First of all–please know that there is no reason to downplay the seriousness of this outbreak. The World Health Organization does not use the term “pandemic” lightly. Already, as I write this, there are 155,423 cases world wide, and 5,802 people have died–including, to bring this closer to home, 37 in the US. By the time you read this, those numbers will only have climbed. The decision of my school, Pittsburgh Theological Seminary, to cancel events at least through May and in-person classes for the remainder of the term, was a measured and responsible decision. However, there is no need for panic or despair. We need to keep praying, to keep trusting in the Lord, and to keep on ministering to one another–particularly to those most threatened.
One of my students asked that I consider a question in this blog:
Specifically, is this the end of days? I have heard a number of students joke and comment about this, and I think the jokes and comments about the apocalypse do indicate a small underlying fear. Between the wildfires in Australia, the tornados in the south, the locusts in Eastern Africa currently, and now this virus … I can definitely see where they are coming from!

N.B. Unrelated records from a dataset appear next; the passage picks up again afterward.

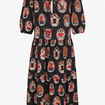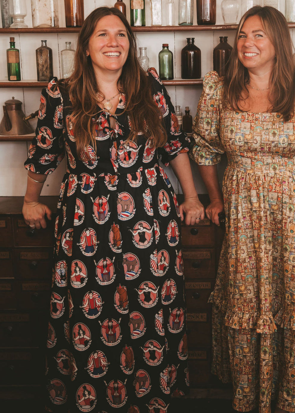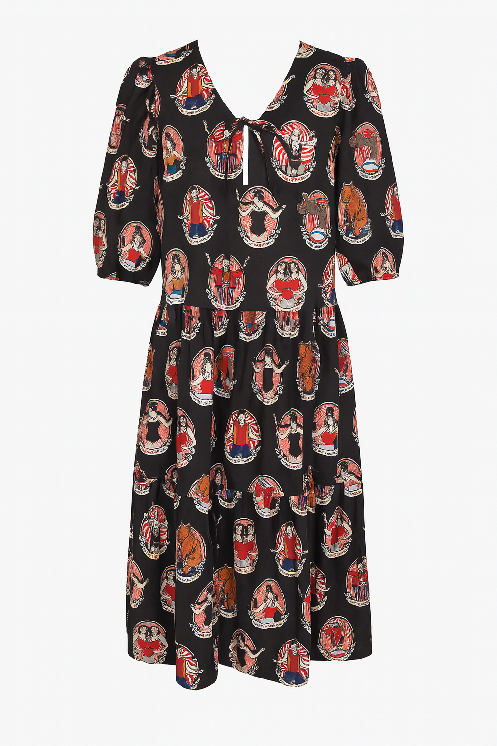 This long sleeve midi dress fits gently at the waist before flaring into a full skirt for elegant movement. The soft V-neckline is finished with two ties that can be knotted or bowed for a feminine touch. Cut from sustainable cotton in a bold vintage-style circus print, it offers standout character with timeless shape.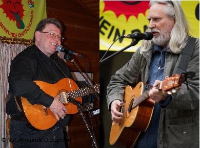 Sie kennen sich bereits seit vielen Jahren – nun stehen sie zum ersten Mal für ein gemeinsames Programm auf der Bühne: Gerd Schinkel (Stimme/Gitarre) und Klaus Grabenhorst (Stimme/Gitarre) präsentieren am Sonntag, 29.03. im Naturfreundehaus Lieder und Gedichte aus politischen Brennpunkten in Deutschland und anderswo.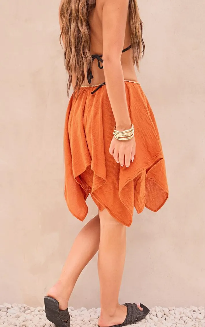 Make sure your new season look stays on trend in this rust textured woven handkerchief hem midi skirt. Brought to you in a rust hue textured woven material with a handkerchief hem design and a midi fit, how can you resist? Style this midi skirt with a crop top and gold accessories for a look that is sure to have all eyes on you wherever you go.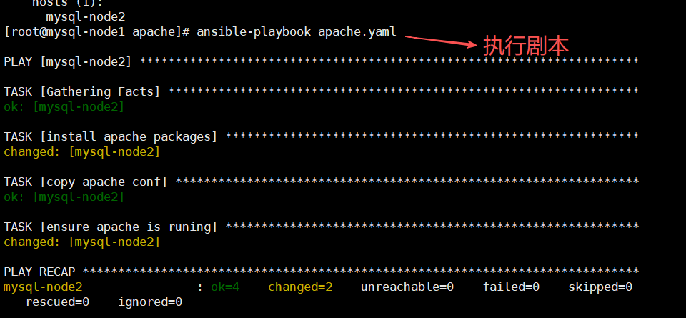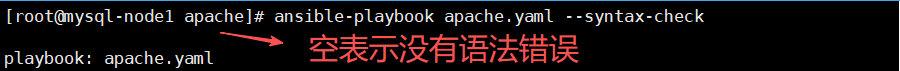 ansible-playbook apache.yaml --syntax-check -检查剧本语法

After I received that email, I saw that this question was being considered by many on line. Some sources reply to this question cautiously. Dr. Michael Brown, with the Evangelical Christian Post, writes:
My own understanding is that there will be massive upheaval before the end of the world, in the midst of which there will also be a mighty spiritual outpouring. But either way, what is clear to me is that we should not view the coronavirus as a prophesied, end-time plague.
But others are less cautious. In The Trumpet, Gerald Flurry writes:
Where is this leading? We are already experiencing the preliminary stages of what the Bible terms “great tribulation,” in which one third of the populations in America and other Israelitish nations will die—before being directly attacked by foreign enemies!
These horsemen of Revelation and the horses of Zechariah 6 are going to stampede over the Earth! God is already beginning to send a number of globe-rattling events our way! The Wuhan coronavirus and the other diseases breaking out today are only the beginning. He is going to let the world see where its evil ways are leading.
There is nothing new about this. When I was a young Christian in my teens, I never expected that I would ever grow up and marry, that I would ever have children, or a career. I knew–I knew–that the world was going to end very soon. I pored over the books of Revelation and Daniel, guided by M. R. deHaan and Hal Lindsey. However, it was Lindsey’s 1970 book The Late Great Planet Earth that most captured my young imagination.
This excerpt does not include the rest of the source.